Because the new sensibility demands less ‘content’ in art, and is more open to the pleasures of ‘form’ and style, it is also less snobbish, less moralistic — in that it does not demand that pleasure in art necessarily be associated with edification. If art is understood as a form of discipline of the feelings and a programming of sensations, then the feeling (or sensation) given off by a Rauschenberg painting might be like that of a song by the Supremes. The brio and elegance of Budd Boetticher’s The Rise and Fall of Legs Diamond or the singing style of Dionne Warwick can be appreciated as a complex and pleasurable event. They are experienced without condescension.
– Susan Sontag, “One Culture and the New Sensibility,” 1965
[I’ve been under the impression for a long time that Sontag mentioning the Supremes and Dionne Warwick was a Big Deal.
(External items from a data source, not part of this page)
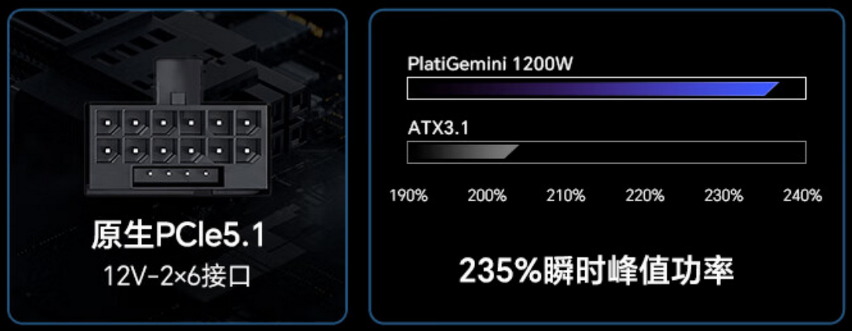 在性能方面,安耐美PalatiGemini 1200W不仅满足了原生PCIe5.1 12V-2x6-600W输出标准,更是超越了传统的规范。其瞬时峰值功率高达235%,可为高效显卡提供高达55A的连续电流,超过了Intel ATX3.1标准的2倍瞬时动态标准,提供了更高的额定功率输出,同时保证电脑系统的稳定性和可靠性。
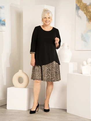 Elegancka sukienka z modnym zwierzęcym wzorem i dodatkiem ekologicznej skóry 27892
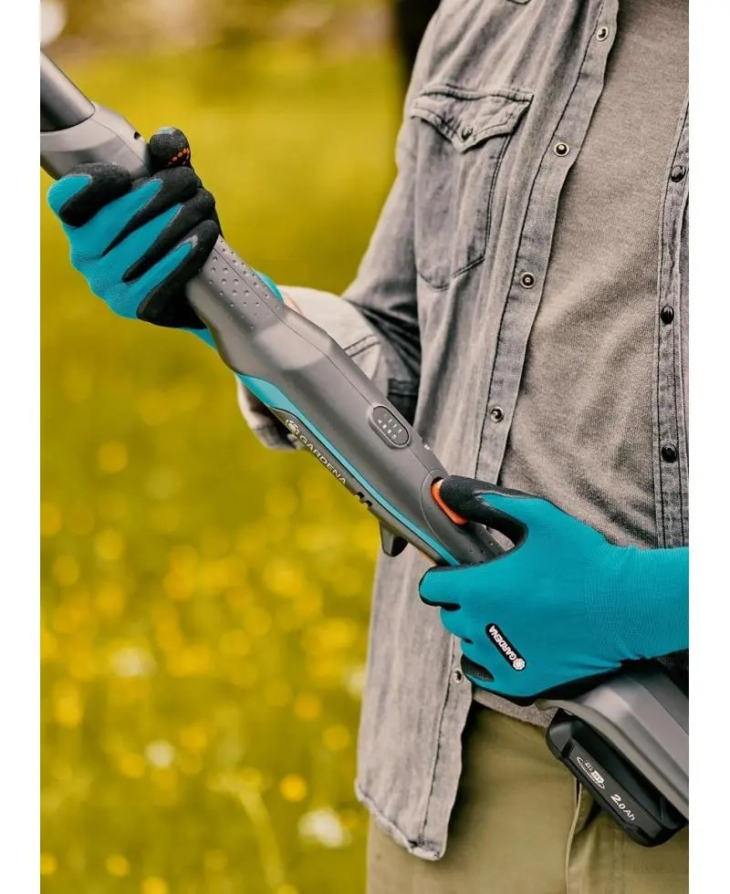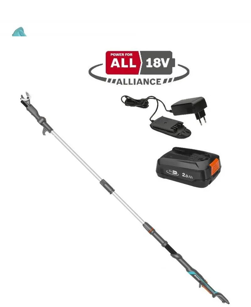 A GARDENA HighCut 250/18V P4A akkumulátoros teleszkópos ágvágó olló használatra kész készlet nagy magasságban is megkönnyíti a földről történő metszést. Az ágvágó olló akár 2,5 méter hosszúságot is elérhet, így a teljes magassága metszéskor akár 4 méter is lehet. A levehető tengelynek köszönhetően a HighCut könnyen szállítható és tárolható. A POWER FOR ALL akkumulátor könnyű vágást tesz lehetővé, nagy erő igénybevétele nélkül. Az eredeti GARDENA kések Németországban készülnek edzett acélból, és tiszta, sima vágást biztosítanak a nyers fában 28 mm átmérőig. A tapadásmentes bevonatnak és precíz csiszolásnak köszönhetően a vágási hulladék nem tapad a késhez. Használd a forgatható, keskeny vágófejet az egyes ágak 60 fokban történő vágásához. Ezenkívül a forgatható fej jó rálátást biztosít a vágásra. Ha az ágak fennakadnak a fán, egyszerűen lehúzhatod őket a nyél tetején lévő kampóval. Az ergonomikus nyélbe épített LED-kijelző mutatja az akkumulátor aktuális töltöttségét. Akár 400 vágás is lehetséges egy teljes 2,0 Ah-s akkumulátortöltéssel. A GARDENA HighCut 250/18V P4A akkumulátoros teleszkópos ágvágó olló használatra kész készlet gyorstöltővel és 18 V-os POWER FOR ALL akkumulátorral kerül forgalomba. A POWER FOR ALL ALLIANCE a vezető akkumulátorgyártók egyik legnagyobb márkafüggetlen szövetsége, amelynek akkumulátorai számos kerti és háztartási eszközben használhatók. Így pénzt takaríthatsz meg, miközben rugalmas maradsz! Egy egyszerű online regisztrációt követően a GARDENA három év gyártói szavatosságot vállal az akkumulátoros, teleszkópos ágvágó ollóra. Szenvedély a GARDENA-val EGYETLEN akkumulátorrendszer a kertben végzett összes feladathoz. Maximális vágható átmérő 28 mm Max vágási magasság 2557 mm Akkumulátor feszültsége 18 V
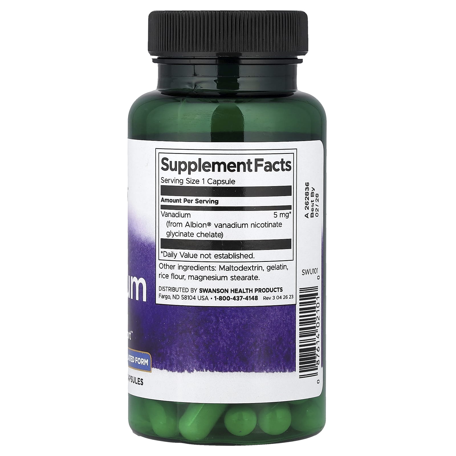 Ванадий Swanson помогает поддерживать здоровый углеводный обмен. Каждая капсула классифицируется как микроэлемент, поскольку необходима только в небольших количествах. Каждая капсула содержит 5 мг хелатного ванадия от Albion, лидера в области дополнительных минеральных хелатов.
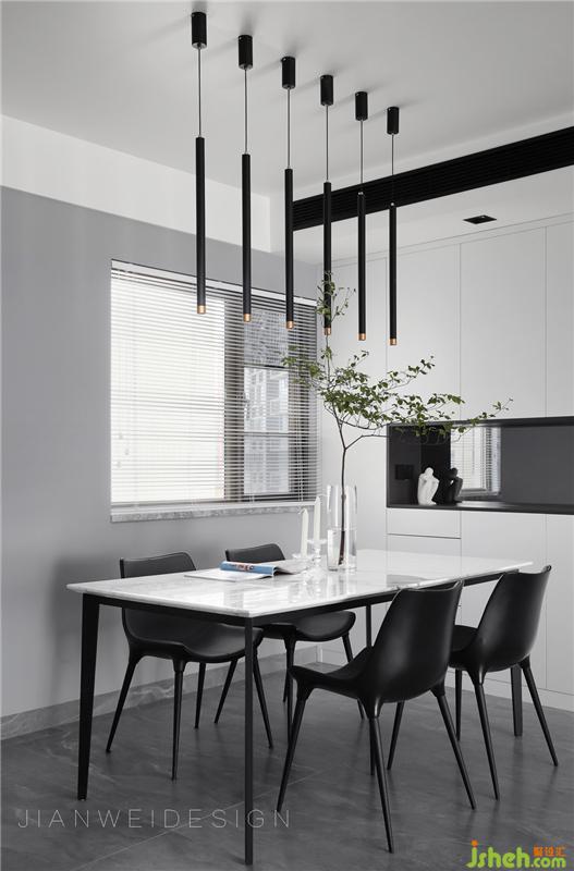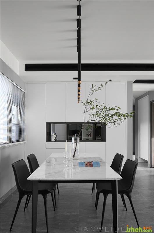 整個餐廳空間為簡約的開敞設計,白色的大理石桌面,搭配不同黑色肌理的桌椅與吊燈,創(chuàng)造出空間的輪廓與光影層疊的質(zhì)感。收納柜和過道柜的加入,增加了實用性,提供了豐富、多變的空間選擇,也創(chuàng)造了更多未來的可能性,同時提升了空間感受。裝修設計
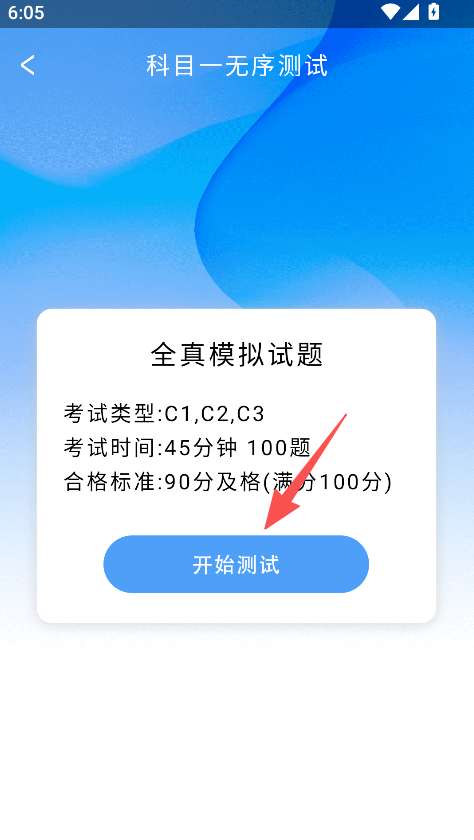 2、进入全真模拟测试,查看考试规则后点击开始测试。
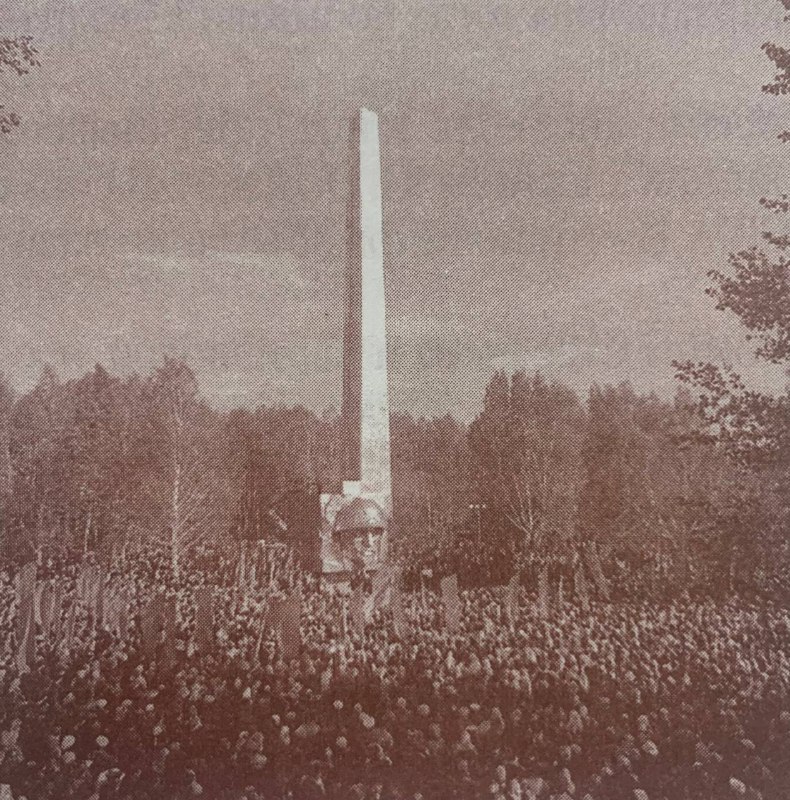 На первом фото изображено открытие памятника-мемориала тракторозаводцам, не вернувшимся с фронтов Великой Отечественной войны. Стела была установлена 8 мая 1975 года.
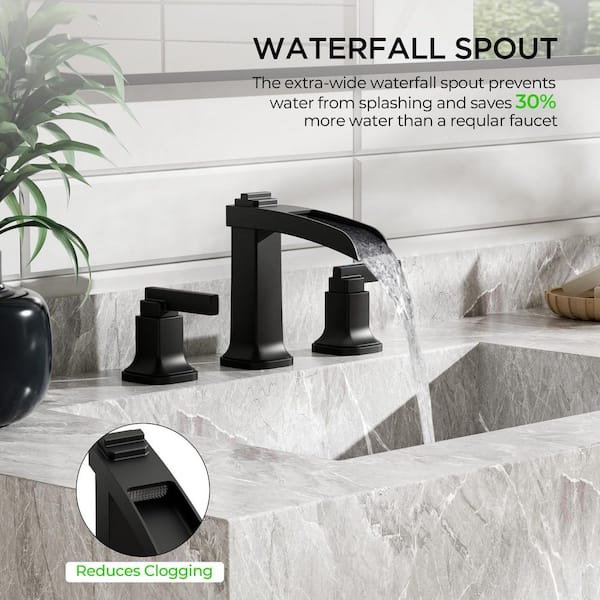 8 in. Widespread Double-Handle Bathroom Faucet with Pop-Up Drain 3-Hole Vanity Sink Faucet in Matte Black
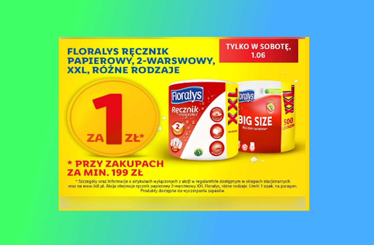 Lidl nie przestaje zaskakiwać swoich klientów atrakcyjnymi promocjami. Tym razem, tylko w sobotę, 1 czerwca, miłośnicy okazji mogą skorzystać z wyjątkowej oferty na ręczniki papierowe marki Floralys. Lidl oferuje te popularne i praktyczne produkty w rekordowo niskiej cenie – tylko 1 zł za opakowanie, przy zakupie za minimum 199 zł.
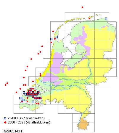 Het aantal atlasblokken (5x5 km) waarin de soort is gemeld binnen een periode van vijf jaar (vanaf 1980) of twintig jaar. Niet gecorrigeerd voor waarnemersinspanning en het aantal doorgegeven waarnemingen kan sterk variëren per periode, dus een trend in verspreiding kan hier niet direct uit worden afgelezen. Het opgegeven jaartal is het eerste jaar van de periode. Bron: gevalideerde waarnemingen uit de NDFF.
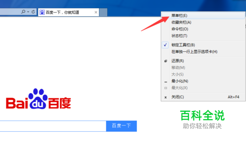 如果没有的话,我们在上面地址栏附近右键单击一下,这样,我们会弹出一个菜单,其中第一个就是菜单栏,我们点击一下。
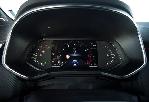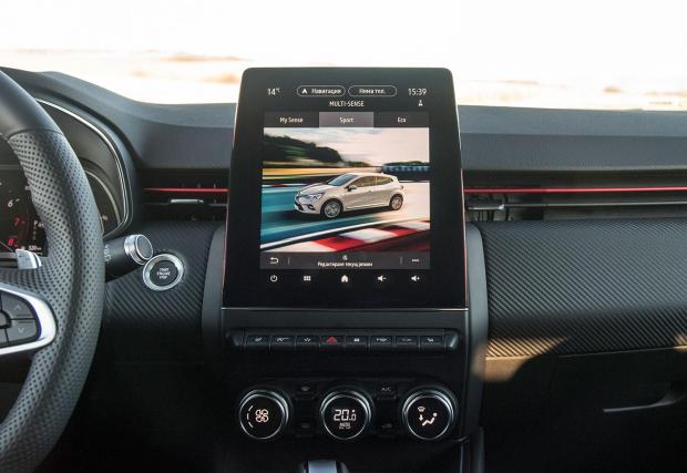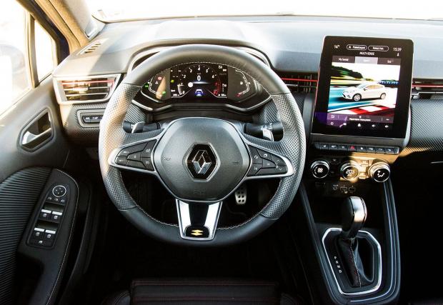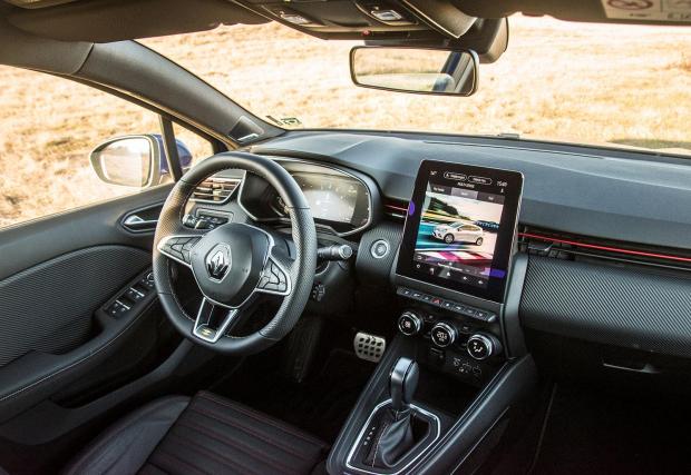 При него също има осезам скок на качеството на материалите, като и тук виждаме меки карбоноподобни повърхности, подобни на тези в 208. Първото впечатление, сядайки зад волана на Clio, е че тук няма толкова радикални промени във формите на таблото. Инструменталният панел е частично дигитален – 4,2-инчов LCD в средата, с показатели на температурата и нивото на горивото от двете страни. Малко по-късно през годината Renault ще предложат и напълно „виртуален“ панел, макар и не толкова „космически“, като този на 208. Централният дисплей пък може да е в три размера: серийният за базовото ниво е монохроматичен и заобиколен от физически бутони или 7-инчов тъч от второто ниво Zen нагоре (Life, Zen, Intense, R.S. Line). Най-големият 9,3-инчов, който имаме в нашия тестови автомобил, се доплаща 790 лв. или 1440 лв., ако е с навигация и система от камери за 360-градусов обзор. В тестовата кола е в струващия 1290 лв. комплект със стерео Bose. Инфотейнмънт системата работи окей, графиките не са толкова остри, като при Peugeot, но менютата са малко по-логично подредени.
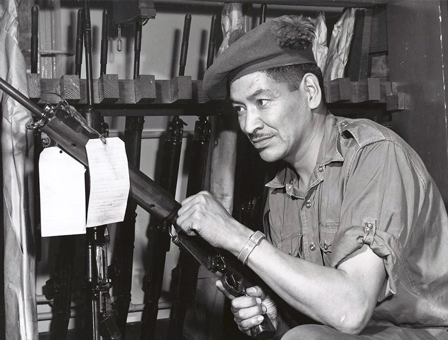 Tommy Prince, an Ojibwa from Manitoba, served with the Princess Patricia’s Canadian Light Infantry in Korea.  He would draw upon his extensive infantry experience in the Second World War with missions like a “snatch patrol” raid. Prince was second-in-command of a rifle platoon and led a group of men into an enemy camp where they captured two machine guns.  He also took part in the bitter Battle of Kapyong in April 1951 which saw his battalion subsequently awarded the United States Presidential Unit Citation for its distinguished service, a rare honour for a non-American force.   His cunning and bravery earned him a dozen medals, including battle honours for service in Korea with the PPCLI.
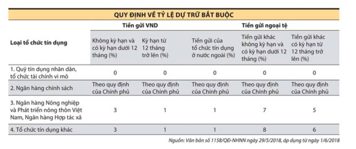 Trước đó, theo văn bản số 1158/QĐ-NHNN ngày 29/5/2018, áp dụng từ ngày 1/6/2018, các ngân hàng đều phải để dự trữ bắt buộc 3% đối với khoản tiền gửi không kỳ hạn và dưới 12 tháng; 1% đối với khoản tiền gửi trên 12 tháng.
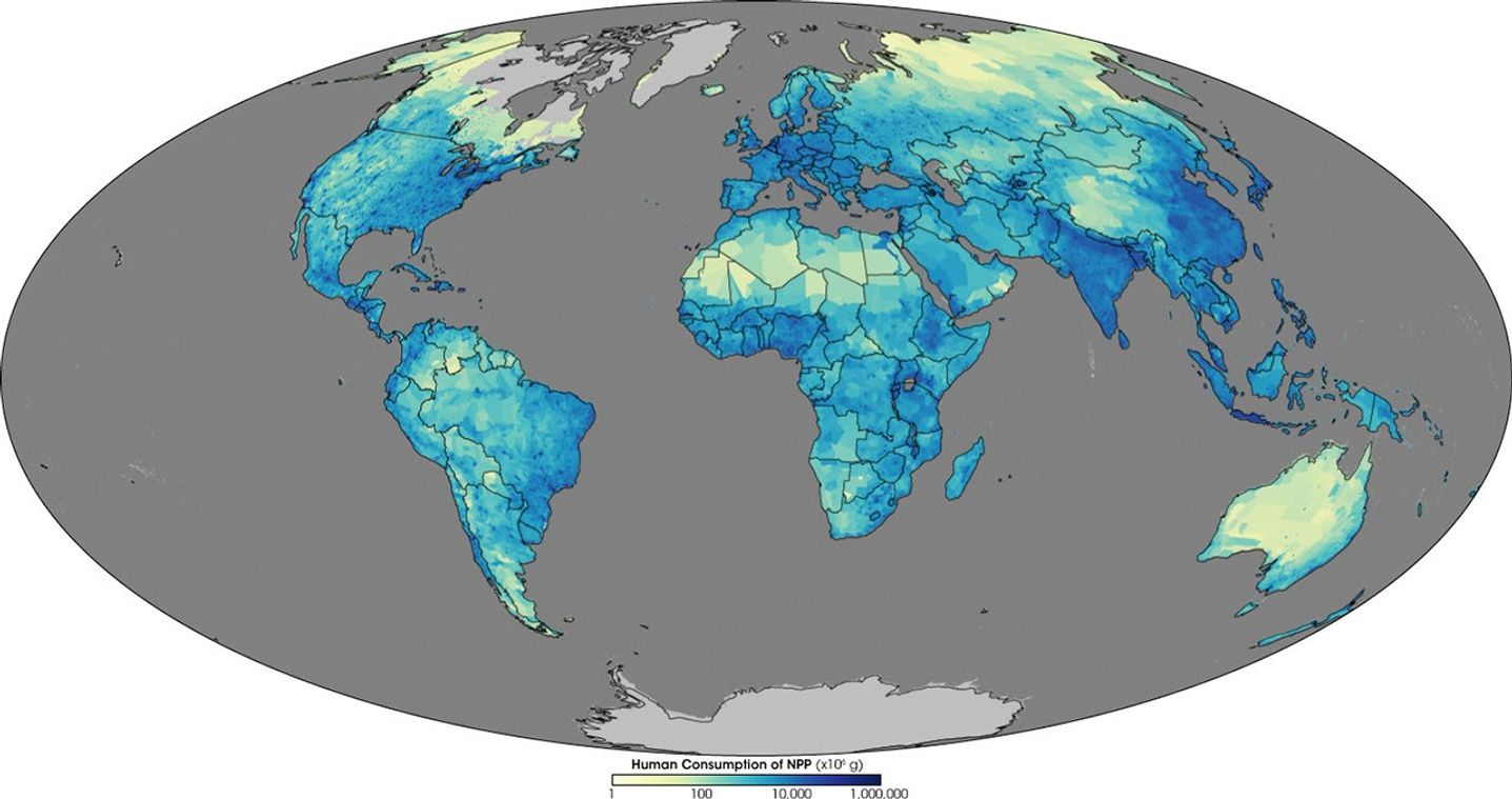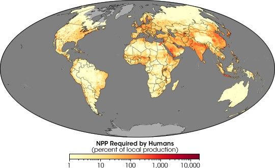 Marc Imhoff, a biophysical scientist with NASA, has been exploring these questions with colleagues from the University of Maryland’s Earth System Science Interdisciplinary Center, the World Wildlife Fund, and the International Food Policy Research Institute for six years. He said, “Our primary motivation has been to find out where we stand relative to our survival on the planet, and what our needs are compared to the capability of the biosphere to sustain them. In fact, it goes beyond just need; it includes our different lifestyles—our appetites.” To build some answers, Imhoff set about measuring global plant productivity, calculating human consumption levels on a cultural level, and then comparing what he learned. His findings remind us that we all rely on the same finite Earth.
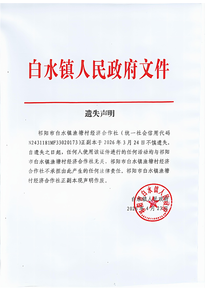 遗失声明(祁阳市白水镇渔塘村)
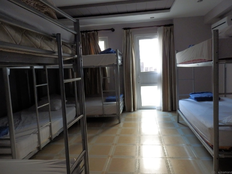 Die einfachen doppelstöckigen Betten bieten je Raum 4 bis zu 10 Personen Platz. Die Ausstattung ist metallisch klar und wenig ansprechend - doch das Haus bekommt die besten Kritiken in Onlineportalen.
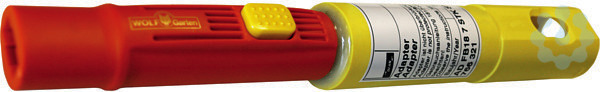Adapter mit Zahnkupplung und Flach-Steckbuchse 18 x 7 mm. Zur Aufnahme von WOLF-Gartengeräten.
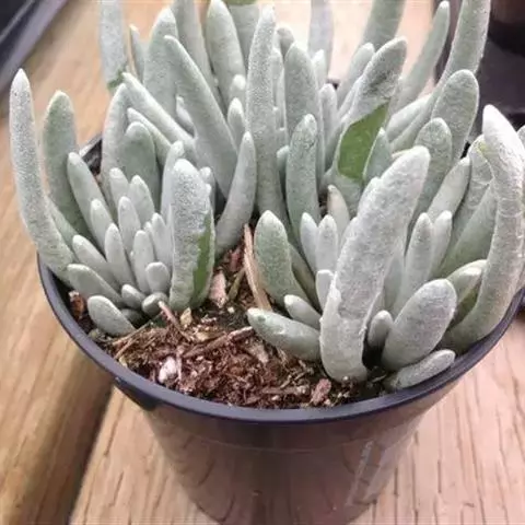 该植株以观茎、观叶为主。全株灰绿,茎似毛笔,叶形奇特别致,肉质感强,洁净素雅。宜小型盆栽欣赏,多在窗台、案几、花架、书架上摆设。为室内优良的小型盆栽多肉观赏植物。 仙人笔
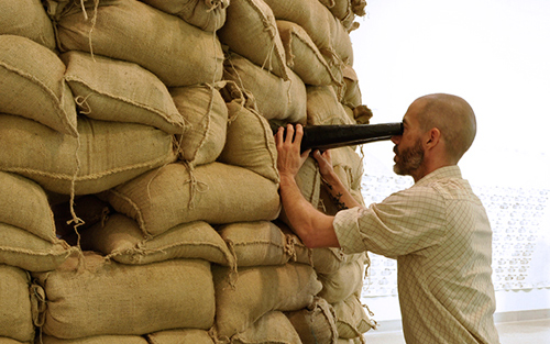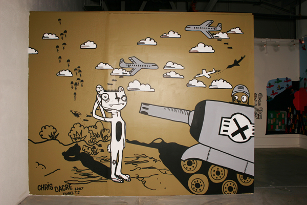 Chris Dacre (rhymes with baker) is the winner of the 2011 Sharadin Gallery Installation Residency at Kutztown University. The residency, which comes with a $10,000 budget, attracted over 150 proposals from all corners of the world. I visited Dacre’s website to learn about his artwork. Most recently living in New Mexico, he has a BFA in Graphic Design and MFA in Printmaking. An Air Force veteran, his recent work is about how we think about (or avoid thinking about) war. His upcoming Kutztown project is called “War is Fun.” I emailed him a few questions.

To this McLuhan/Aesthetics of Rock fan, it all seems a bit so-what to me, but perhaps in context, in 1965 — inside the halls of academia? — assigning value to the Supremes did signal some kind of line being crossed. I don’t know. I’ve also heard that Sontag later shrugged off whatever affinities she once expressed for pop, though I’ve never seen the evidence of such.]
In his takedown of Sontag (included in The Dustbin of History), Greil Marcus quotes Sontag from a Time interview, 10/24/1988: “As for equating high and popular culture, she explains: ‘I made a few jolly references to things in popular culture that I enjoyed. I said, for instance, that one could enjoy both Jasper Johns and the Supremes. It isn’t as if I wrote an essay on the Supremes.” That always sounded pretty dismissive to me.
You’re right, Devin, thanks. I would have read that some years ago, and simply forgot the source. I did think of Marcus’s takedown of Sontag while posting this, but didn’t feel the need to pursue further evidence on the subject–don’t think I need his dismissal (though I’m sure he helped) to convince me that she’s basically full of shit here (I won’t dismiss her work entirely, not being familiar with hardly any of it). Even the original quote from ’65 is a bit laughable, especially the line “can be appreciated as a complex and pleasurable event.” See Nat Hentoff’s throwaway line about Ralph Gleason and “pop culture” in this post to begin to understand why.